What’s next in chips

via MIT Technology Review https://ift.tt/0hkTpV5

MIT Technology Review’s What’s Next series looks across industries, trends, and technologies to give you a first look at the future. You can read the rest of them here.

Thanks to the boom in artificial intelligence, the world of chips is on the cusp of a huge tidal shift. There is heightened demand for chips that can train AI models faster and ping them from devices like smartphones and satellites, enabling us to use these models without disclosing private data. Governments, tech giants, and startups alike are racing to carve out their slices of the growing semiconductor pie.

Here are four trends to look for in the year ahead that will define what the chips of the future will look like, who will make them, and which new technologies they’ll unlock.

CHIPS Acts around the world

On the outskirts of Phoenix, two of the world’s largest chip manufacturers, TSMC and Intel, are racing to construct campuses in the desert that they hope will become the seats of American chipmaking prowess. One thing the efforts have in common is their funding: in March, President Joe Biden announced $8.5 billion in direct federal funds and $11 billion in loans for Intel’s expansions around the country. Weeks later, another $6.6 billion was announced for TSMC.

The awards are just a portion of the US subsidies pouring into the chips industry via the $280 billion CHIPS and Science Act signed in 2022. The money means that any company with a foot in the semiconductor ecosystem is analyzing how to restructure its supply chains to benefit from the cash. While much of the money aims to boost American chip manufacturing, there’s room for other players to apply, from equipment makers to niche materials startups.

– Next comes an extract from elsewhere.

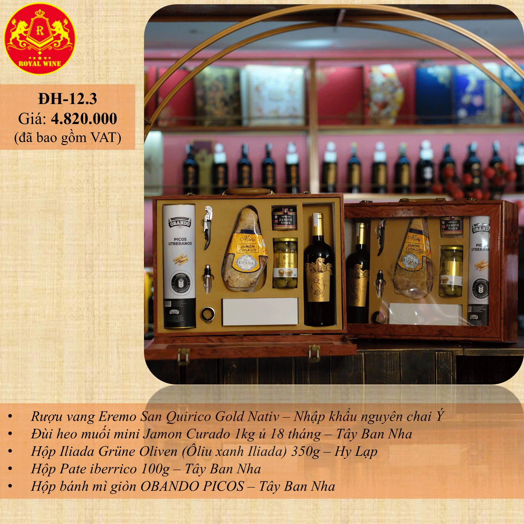 Hộp quà là sự hòa quyện của rượu vang Ý, thịt nguội Tây Ban Nha và các món ăn kèm truyền thống Địa Trung Hải, tạo nên một tổng thể hài hòa cả về hương vị lẫn hình thức. Cùng Vangchat tìm hiểu ngay sau đây về các thành phần bên trong hộp quà ĐH12.3

But the US is not the only country trying to onshore some of the chipmaking supply chain. Japan is spending $13 billion on its own equivalent to the CHIPS Act, Europe will be spending more than $47 billion, and earlier this year India announced a $15 billion effort to build local chip plants. The roots of this trend go all the way back to 2014, says Chris Miller, a professor at Tufts University and author of Chip War: The Fight for the World’s Most Critical Technology. That’s when China started offering massive subsidies to its chipmakers.

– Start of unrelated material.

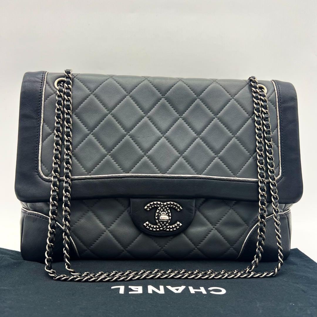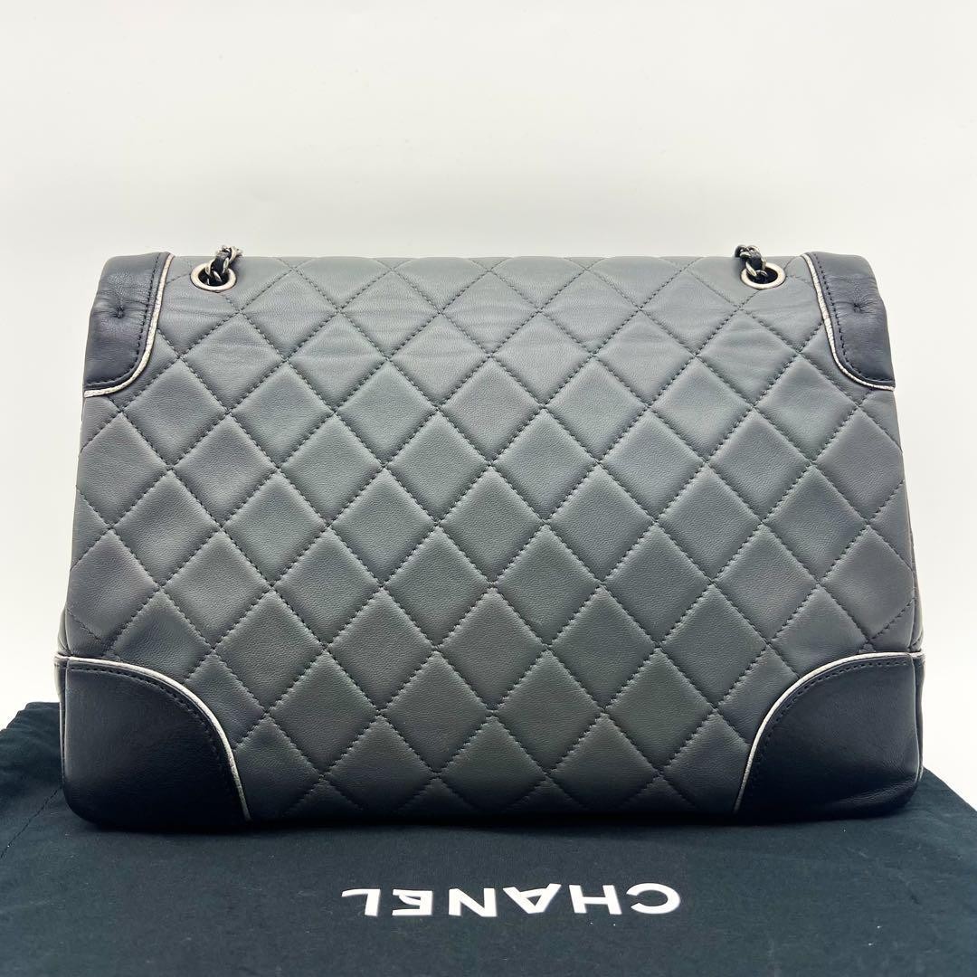 CHANEL Black Gray Matelass Lambskin Chain Shoulder Bag

cover of Chip War: The Fight for the World's Most Critical Technology by Chris Miller

“This created a dynamic in which other governments concluded they had no choice but to offer incentives or see firms shift manufacturing to China,” he says. That threat, coupled with the surge in AI, has led Western governments to fund alternatives. In the next year, this might have a snowball effect, with even more countries starting their own programs for fear of being left behind.

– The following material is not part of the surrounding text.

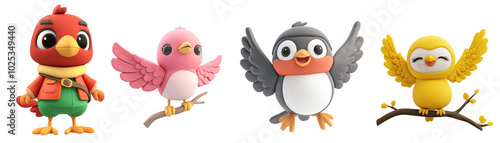 © dinastya, Obraz premium Cute bird character set isolated Png, transparent without background.
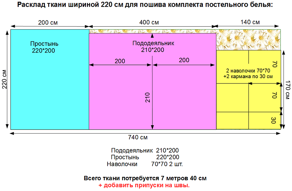 - пододеяльник — две длины одеяла 200 см х 2 + 5 см (на шов) = 405 см;

The money is unlikely to lead to brand-new chip competitors or fundamentally restructure who the biggest chip players are, Miller says. Instead, it will mostly incentivize dominant players like TSMC to establish roots in multiple countries. But funding alone won’t be enough to do that quickly—TSMC’s effort to build plants in Arizona has been mired in missed deadlines and labor disputes, and Intel has similarly failed to meet its promised deadlines. And it’s unclear whether, whenever the plants do come online, their equipment and labor force will be capable of the same level of advanced chipmaking that the companies maintain abroad.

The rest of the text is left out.